On the other hand (opinionated answer follows), the model artifact is not a software artifact to use semver. In a future where we might have a continuous training pipeline which automatically deploys the new versions of a model many times a day, having the timestamp format for the model artifact version would make things easier.

Oh yes, I'd say this is a best practice I recommend. It comes from tensorflow-model-server that reads all subdirectories in the specified model directory and automatically picks up the largest value as the current model. So typically you'd have an increment number as model version, although I find the timestamp more convenient (and if it's in the YYYYMMDDHHMM format it will be incremental). Here's an example:

One question about timestamps-as-versions is what granularity is useful. In my previous experiences (e.g. using the date, but not time of day for DNS zone serials), making the wrong decisions there early on can lead to a lot of headache later.
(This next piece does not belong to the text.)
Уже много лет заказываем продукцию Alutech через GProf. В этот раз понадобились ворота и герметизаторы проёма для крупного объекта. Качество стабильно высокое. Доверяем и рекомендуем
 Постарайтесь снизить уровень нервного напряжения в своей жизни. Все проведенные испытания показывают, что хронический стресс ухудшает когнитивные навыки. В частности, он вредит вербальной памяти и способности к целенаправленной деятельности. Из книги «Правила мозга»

tl;dr: do you think minute-granularity is enough, or should we also include seconds? I will admit that I have little experience with the typical "deployment pace" of ML models.

@klausman I think most of our models should be ok with minute-granularity. The only case I can think of where it could be problematic is if we train two slightly different versions of the same model in parallel (and they finish within ~60 secs of each other), but I don't see that happening anytime soon. We could also just limit the pipelines to only running one at a time to make sure we avoid it.
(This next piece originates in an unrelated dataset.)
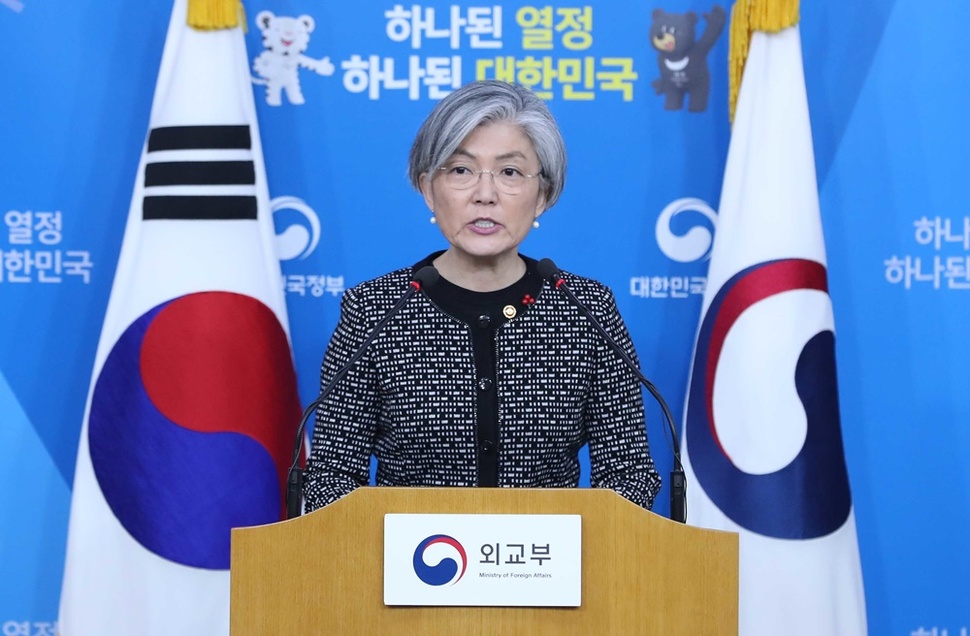 강경화 외교부 장관이 2017년 12월27일 오후 서울 종로구 정부서울청사에서 ‘한-일 일본군 위안부 피해자 문제 합의 검토 TF 보고서 발표와 관련해 모두 발언을 하고 있다. 사진공동취재단

Echoing @klausman and @calbon from our ML Team Technical Meeting today:

Let's go with seconds-granularity for now when creating a timestamp version. There could be a case where we are pushing multiple models in bulk and it would be easier to go with this resolution now rather than attempting to do it later down the road.
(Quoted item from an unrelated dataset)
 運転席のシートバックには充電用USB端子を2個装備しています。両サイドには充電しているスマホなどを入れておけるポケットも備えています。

I'm currently refactoring my model_upload script to reflect this and will create a patch for the inference-services repo this week.

Change 719668 had a related patch set uploaded (by Accraze; author: Accraze):

[machinelearning/liftwing/inference-services@main] utils: added model upload script

https://gerrit.wikimedia.org/r/719668

Change 736848 had a related patch set uploaded (by Elukey; author: Elukey):

[operations/puppet@production] role::statistics::explorer: add ml profile

https://gerrit.wikimedia.org/r/736848

Change 736848 merged by Elukey:

[operations/puppet@production] role::statistics::explorer: add ml profile

https://gerrit.wikimedia.org/r/736848

Change 719668 abandoned by Accraze:

[machinelearning/liftwing/inference-services@main] utils: added model upload script

Reason:

Moved model upload script to operations/puppet/+/736848

https://gerrit.wikimedia.org/r/719668

ACraze claimed this task.

@elukey - I think we are all good on this task. Major thanks to @Theofpa for helping us out on this and suggesting a sane naming structure. Going to mark as RESOLVED, feel free to re-open if anyone feels we need to discuss further.